Business Context
ShopSight trains image classification models to detect catalog quality issues before products go live. The ML team needs a repeatable way to choose between CPU, single-GPU, multi-GPU, and TPU training environments for different model sizes and delivery deadlines.
Dataset
You are given a product-image classification dataset used for offline training experiments.

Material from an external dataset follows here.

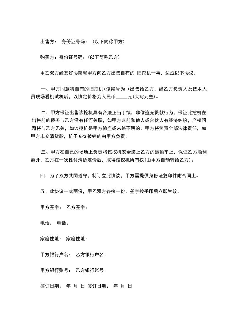 该车 ____年__月购进,原价值为_____万元,凭购入发票现场核对为交易挖的掘机;因双方交易车辆为旧机动机械车辆,并且鉴 乙方了解该挖掘机使用状况,签订协议时,已经均对挖掘机机身及发动机工作状况表示了认同。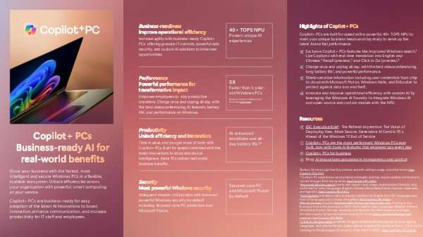 Organizations need devices that help teams work smarter, communicate clearly, and protect data without adding complexity. This infographic breaks down how Copilot+ PCs bring together fast performance, advanced security, and unique AI features made possible by a powerful 40+ TOPS NPU. View the infographic to explore these highlights and contact Computer Age Electronics for guidance on choosing the right Copilot+ PCs.

| Feature Group | Count | Examples |
|---|
| Image inputs | 1 | 224x224 RGB product photos |
| Labels | 1 | ok, blurry, wrong_background, watermark, duplicate |
| Metadata | 6 | category, seller_tier, image_source, upload_region, width, height |
| Training logs | 8 | step_time_ms, gpu_utilization, memory_gb, throughput_img_s, epoch_time_min |
- Size: 1.2M images, 5 classes, average compressed image size 180 KB
- Target: Multiclass classification of catalog image quality issues
- Class balance: Moderately imbalanced — 62%
ok, remaining 38% split across 4 defect classes
- Missing data: ~3% missing metadata fields; no missing labels
Success Criteria
A good solution should recommend compute resources for at least three training scenarios (baseline CNN, ResNet-50 fine-tuning, larger ViT-style model) and justify the choice using measurable tradeoffs:
- Validation macro-F1 = 0.84 for the production candidate
- End-to-end training time under 8 hours for the selected production setup
- Estimated infrastructure cost per full training run under $250
- Inference artifact must be deployable to a GPU-backed batch scoring job
Constraints
- Budget is limited; overprovisioning expensive accelerators is discouraged
- Model retraining happens weekly, so turnaround time matters
- The team needs a decision framework, not just the highest-performing model
- Candidate should consider memory limits, mixed precision, distributed training overhead, and engineering complexity
Deliverables
- Build a benchmark pipeline comparing CPU, GPU, and accelerator-oriented training configurations.
- Train at least two model families and measure throughput, training time, validation quality, and estimated cost.
- Recommend when to use CPU, single GPU, multi-GPU, or TPU for this workload.
- Explain how dataset size, batch size, model architecture, and input pipeline affect compute selection.
- Propose a production training setup and a lighter fallback option.